TASK DESCRIPTION » Copy out all of the lines below exactly; the pictures do not belong in the copy.

DATA EXTRACT »
──────────
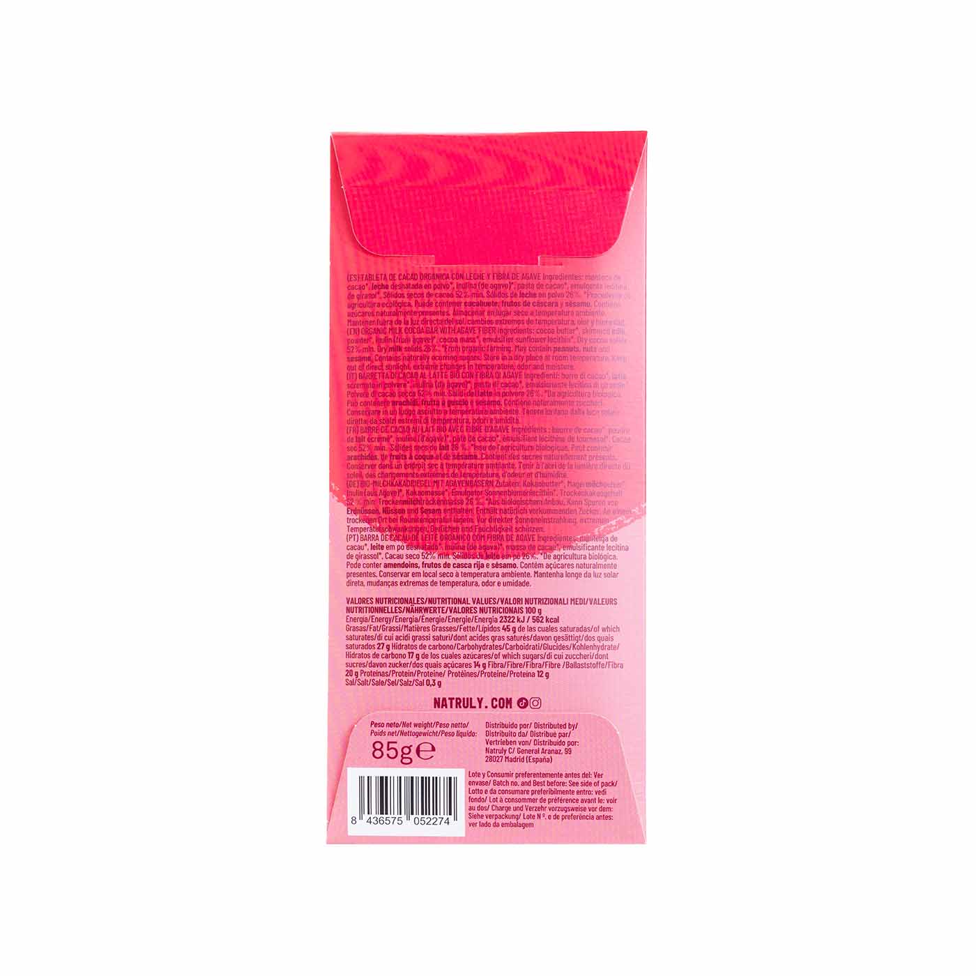 Manteca de cacao*, leche desnatada en polvo*, inulina (de agave)*, masa de cacao*, emulgente lecitina de girasol*. Sólidos secos de cacao 52% mín. Leche en polvo sólida 26%. *Procedente de agricultura ecológica.
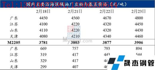具體來看下表最近4個交易日豆粕期現貨價格,以沿海主要區域廣東、江蘇、山東、天津為例。出現豆粕現貨單邊價格與基差價格齊飛盛況,怎一“漲”’字了得?豆粕現貨價格每個交易日超100元/噸的速度飛奔。據農產品數據顯示,沿海主要區域2月18-2月22日現貨價格由4080-4450元/噸,漲至4430-4800元/噸,累計上漲350元/噸,累計漲幅7.87%-8.58%;現貨基差價格由299-699元/噸,漲至524-894元/噸,累計上漲195-225元/噸,累計漲幅2.79-7.53%。
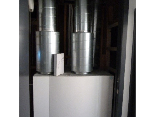 In a school, a large amount of air must be expelled to prevent the build-up of carbon dioxide and other gasses. Normally the heat would be expelled with the air but by passing it through a a heat exchanger 85% can be recovered and transferred to the incoming fresh air.
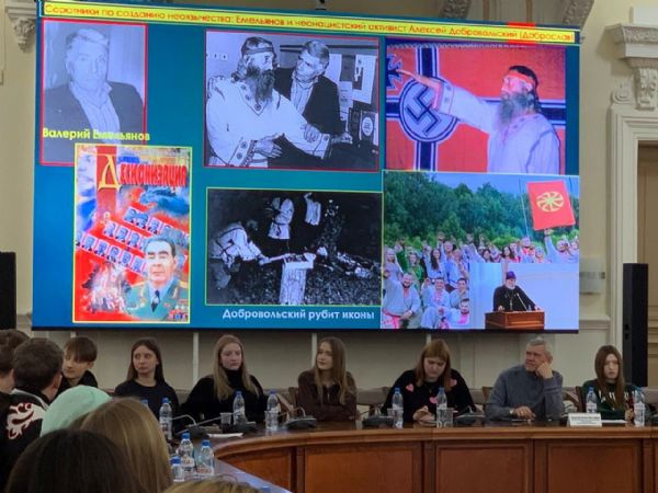 В качестве самого наглядного примера была приведена ситуация с неоязычниками-неонацистами на Украине, которые сначала участвовали в государственном перевороте и захвате власти, а затем из них же сформировались признанные ныне террористическими нацбаты. Аудитория, среди которой значительную часть составляли студенты различных вузов, выслушала докладчиков с огромным вниманием.
──────────
RESULT »
 Manteca de cacao*, leche desnatada en polvo*, inulina (de agave)*, masa de cacao*, emulgente lecitina de girasol*. Sólidos secos de cacao 52% mín. Leche en polvo sólida 26%. *Procedente de agricultura ecológica.
具體來看下表最近4個交易日豆粕期現貨價格,以沿海主要區域廣東、江蘇、山東、天津為例。出現豆粕現貨單邊價格與基差價格齊飛盛況,怎一“漲”’字了得?豆粕現貨價格每個交易日超100元/噸的速度飛奔。據農產品數據顯示,沿海主要區域2月18-2月22日現貨價格由4080-4450元/噸,漲至4430-4800元/噸,累計上漲350元/噸,累計漲幅7.87%-8.58%;現貨基差價格由299-699元/噸,漲至524-894元/噸,累計上漲195-225元/噸,累計漲幅2.79-7.53%。
 In a school, a large amount of air must be expelled to prevent the build-up of carbon dioxide and other gasses. Normally the heat would be expelled with the air but by passing it through a a heat exchanger 85% can be recovered and transferred to the incoming fresh air.
 В качестве самого наглядного примера была приведена ситуация с неоязычниками-неонацистами на Украине, которые сначала участвовали в государственном перевороте и захвате власти, а затем из них же сформировались признанные ныне террористическими нацбаты. Аудитория, среди которой значительную часть составляли студенты различных вузов, выслушала докладчиков с огромным вниманием.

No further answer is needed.